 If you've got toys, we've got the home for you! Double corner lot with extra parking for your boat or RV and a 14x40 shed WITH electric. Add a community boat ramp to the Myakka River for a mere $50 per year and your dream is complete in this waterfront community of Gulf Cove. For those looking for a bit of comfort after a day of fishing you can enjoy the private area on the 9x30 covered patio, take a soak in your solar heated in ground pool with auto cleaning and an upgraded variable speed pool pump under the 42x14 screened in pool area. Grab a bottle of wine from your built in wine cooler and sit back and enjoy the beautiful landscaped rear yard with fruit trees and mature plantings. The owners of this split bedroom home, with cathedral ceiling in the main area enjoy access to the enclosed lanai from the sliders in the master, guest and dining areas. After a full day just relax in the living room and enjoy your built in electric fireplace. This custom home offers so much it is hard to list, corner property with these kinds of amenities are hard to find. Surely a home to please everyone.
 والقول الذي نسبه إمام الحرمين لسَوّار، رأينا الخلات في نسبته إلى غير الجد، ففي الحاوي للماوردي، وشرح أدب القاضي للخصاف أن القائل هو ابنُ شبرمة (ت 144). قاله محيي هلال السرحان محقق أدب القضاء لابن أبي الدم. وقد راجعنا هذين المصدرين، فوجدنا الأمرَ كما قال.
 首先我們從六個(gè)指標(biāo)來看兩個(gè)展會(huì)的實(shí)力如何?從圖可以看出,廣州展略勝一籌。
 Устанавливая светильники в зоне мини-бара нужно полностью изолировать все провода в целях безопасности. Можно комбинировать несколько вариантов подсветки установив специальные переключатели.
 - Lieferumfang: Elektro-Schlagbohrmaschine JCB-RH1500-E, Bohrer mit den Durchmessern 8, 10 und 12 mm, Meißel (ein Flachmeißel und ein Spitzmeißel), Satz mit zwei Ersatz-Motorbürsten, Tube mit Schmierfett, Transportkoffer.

...

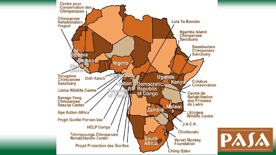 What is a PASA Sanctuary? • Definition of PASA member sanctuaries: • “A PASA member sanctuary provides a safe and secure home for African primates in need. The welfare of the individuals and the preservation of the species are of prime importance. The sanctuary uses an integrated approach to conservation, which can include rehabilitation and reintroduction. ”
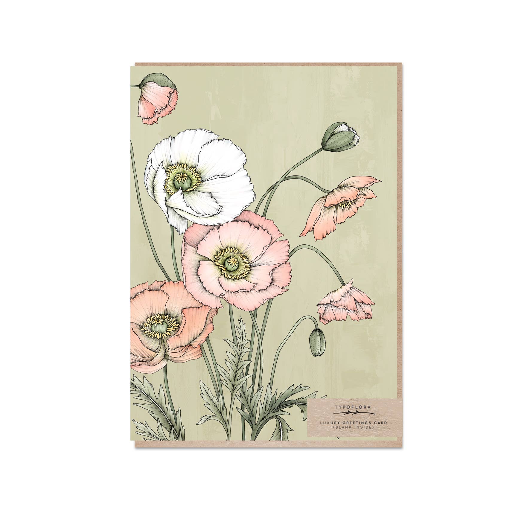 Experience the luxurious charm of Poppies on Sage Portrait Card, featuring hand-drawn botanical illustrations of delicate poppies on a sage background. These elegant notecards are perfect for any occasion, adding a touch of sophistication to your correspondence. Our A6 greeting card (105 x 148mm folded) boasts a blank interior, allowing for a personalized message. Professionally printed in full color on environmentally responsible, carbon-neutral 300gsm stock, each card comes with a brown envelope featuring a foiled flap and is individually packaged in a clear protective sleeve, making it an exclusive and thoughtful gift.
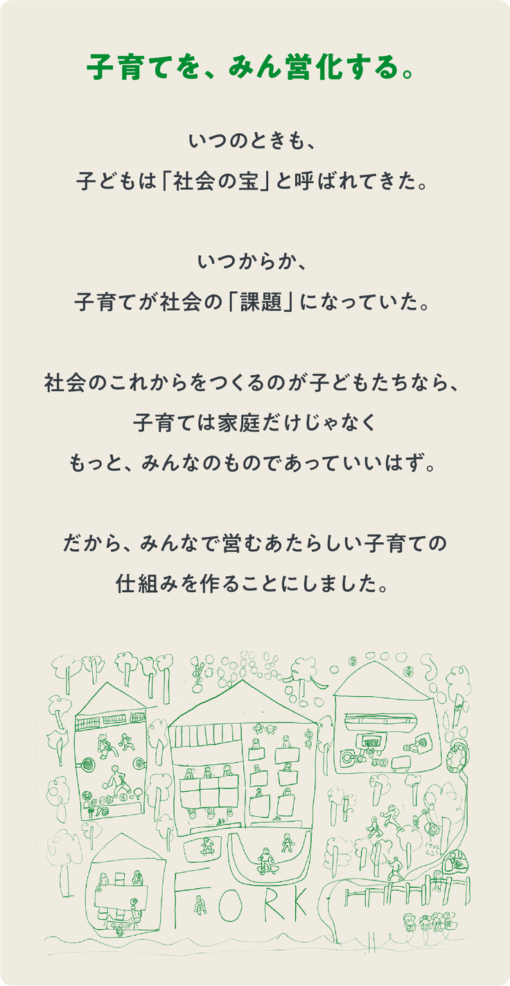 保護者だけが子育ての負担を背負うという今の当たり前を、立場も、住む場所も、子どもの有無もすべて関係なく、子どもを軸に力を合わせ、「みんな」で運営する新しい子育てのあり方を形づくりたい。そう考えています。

▶ What to do
Your answer should consist only of the lines above between the line holding "Устанавливая светильники в" and the line holding "- Lieferumfang: Elektro-Schlagbohrmaschine", inclusive, each transcribed exactly.

▶ Completed task
 Устанавливая светильники в зоне мини-бара нужно полностью изолировать все провода в целях безопасности. Можно комбинировать несколько вариантов подсветки установив специальные переключатели.
 - Lieferumfang: Elektro-Schlagbohrmaschine JCB-RH1500-E, Bohrer mit den Durchmessern 8, 10 und 12 mm, Meißel (ein Flachmeißel und ein Spitzmeißel), Satz mit zwei Ersatz-Motorbürsten, Tube mit Schmierfett, Transportkoffer.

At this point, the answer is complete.